The proposed IF-LOO estimator modifies the IF plug-in by replacing mu_hat(A_i, X_i) with mu_hat_{-i}(A_i, X_i): predictions from a logistic regression fit on all data except observation i. Specifically, for each i from 1 to n, a separate logistic regression is fitted on n-1 observations, generating leave-one-out counterfactual predictions mu_hat_{-i}(1, X_i) and mu_hat_{-i}(0, X_i) and leave-one-out residual (Y_i - mu_hat_{-i}(A_i, X_i)). The leave-one-out influence function value phi_hat_{-i} is then computed using these out-of-sample predictions, and the IF-LOO variance estimate is (1/n^2) * sum_i phi_hat_{-i}^2. The closed-form expression requires exactly n logistic regression fits (one leave-one-out model per subject), making it deterministic and computationally tractable, though O(n) times more expensive than the plug-in. The authors note this is conceptually analogous to LOO cross-validation in predictive modeling and to the LOO strategy of Colantuoni & Rosenblum (2015) for assessing precision gains.

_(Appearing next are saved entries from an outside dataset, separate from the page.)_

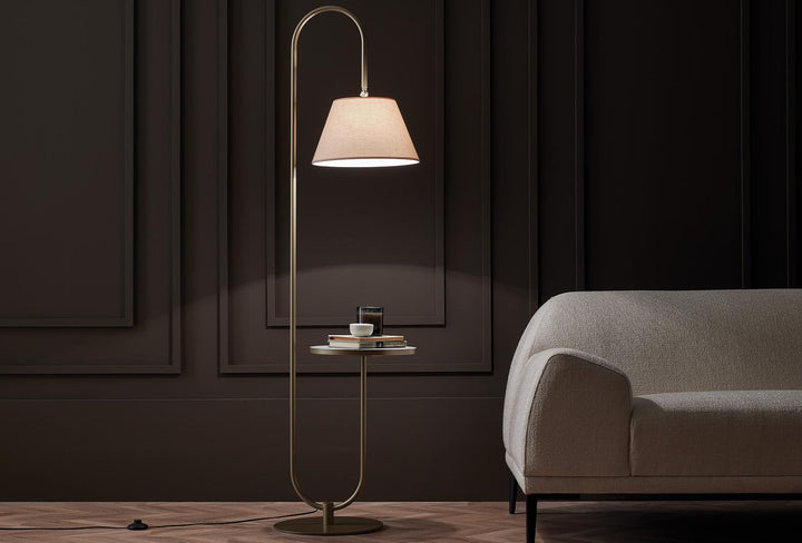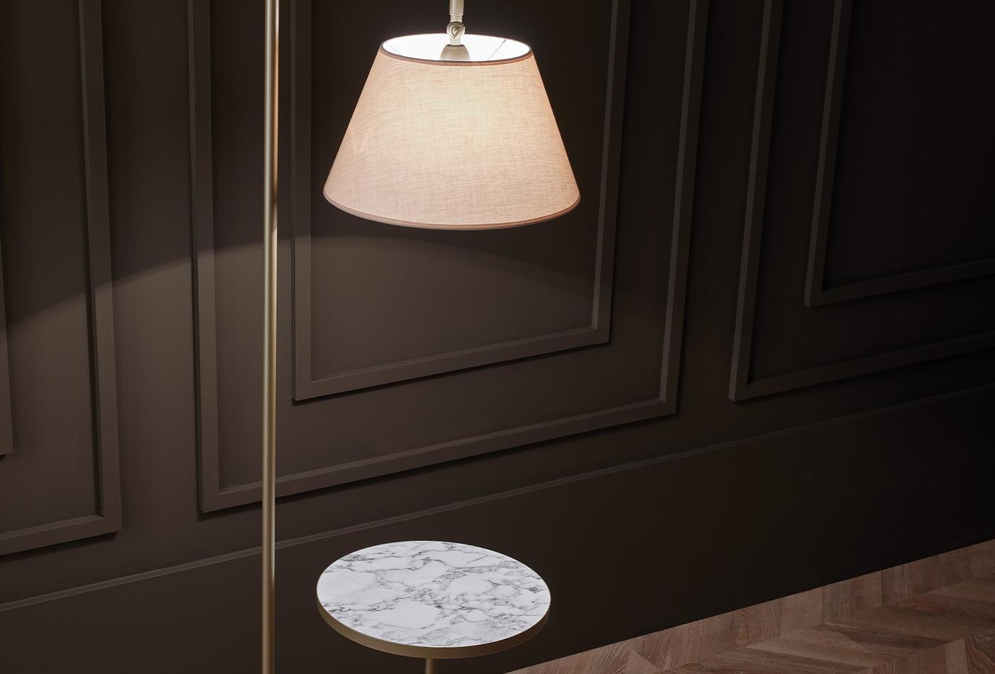 Lenyűgöző arany váz dizájnjával és bézs fejével a modern stílus hatásos példáját bemutató EPIC ÁLLÓLÁMPA, asztal funkciójával ötvözi az esztétikát és a funkcionalitást. Elegáns értelmezést ad az új szezon sokoldalú dizájnfelfogásának.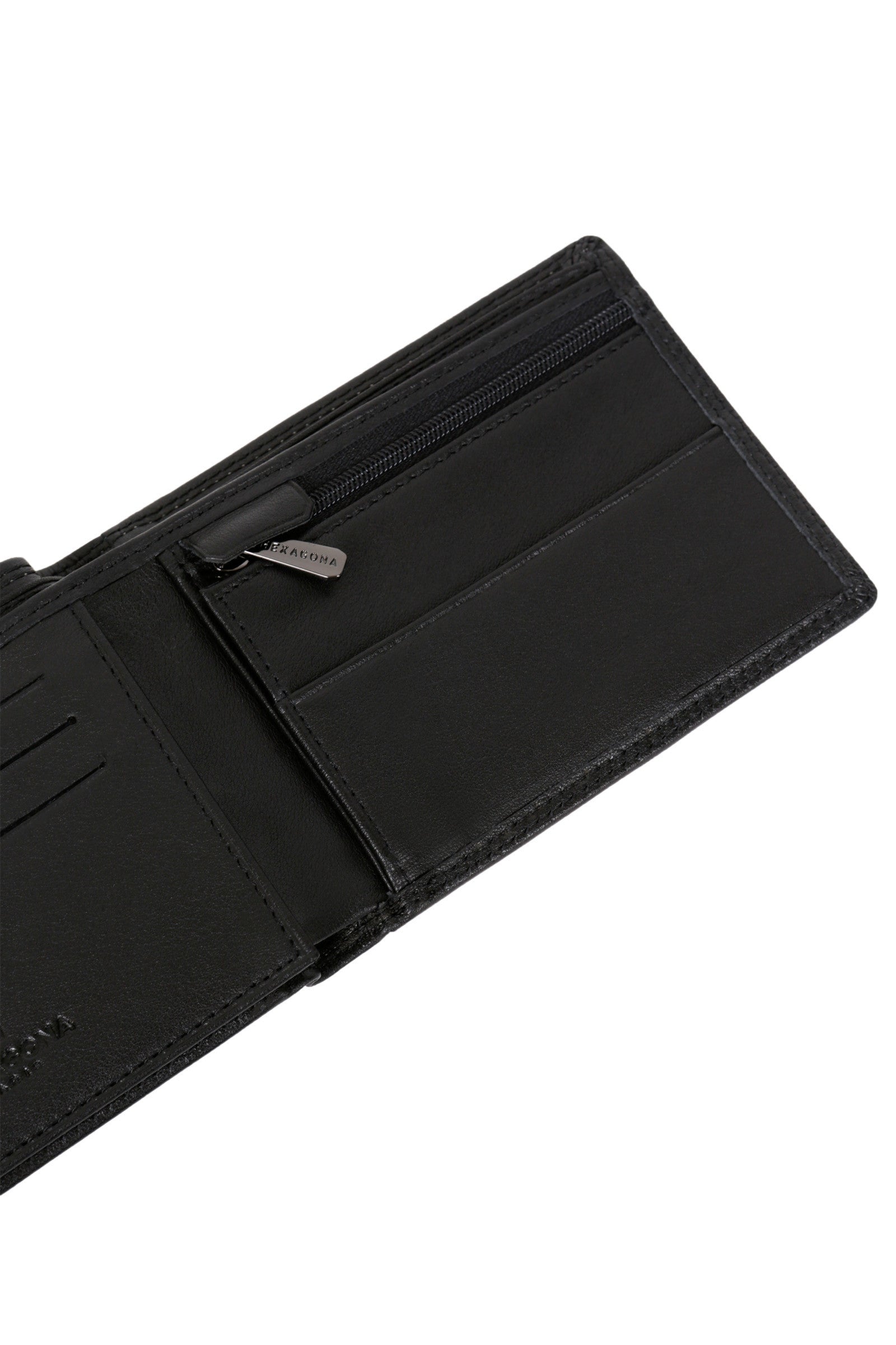 Innen: 2 Fächer. 1 Reißverschluss-Münzfach. 5 flache Taschen (davon 1 mit Sichtfenster). 5 Kartenfächer. 2 Geldscheinfächer.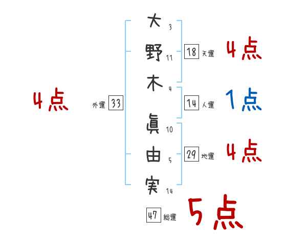 天運![]() | 大野木眞由実さんの天運は18画の4つ星!情熱的で剛気。忍耐力があり信頼される。 家系が持つ宿命的な運勢を表します。祖先から受け継いだ苗字ですので自分の力が及びません。家柄を象徴します。 |

Theoretical guarantees are provided in Theorem 1: under four regularity conditions (stated in Appendix A, not fully visible in the provided text but standard semiparametric theory conditions), sqrt(n)*(V_hat_IF-LOO - V_0) converges in distribution to N(0, W) where W = Var(phi(O)^2). This ensures the IF-LOO variance estimator is sqrt(n) consistent and asymptotically normal. The proof is in Appendix A.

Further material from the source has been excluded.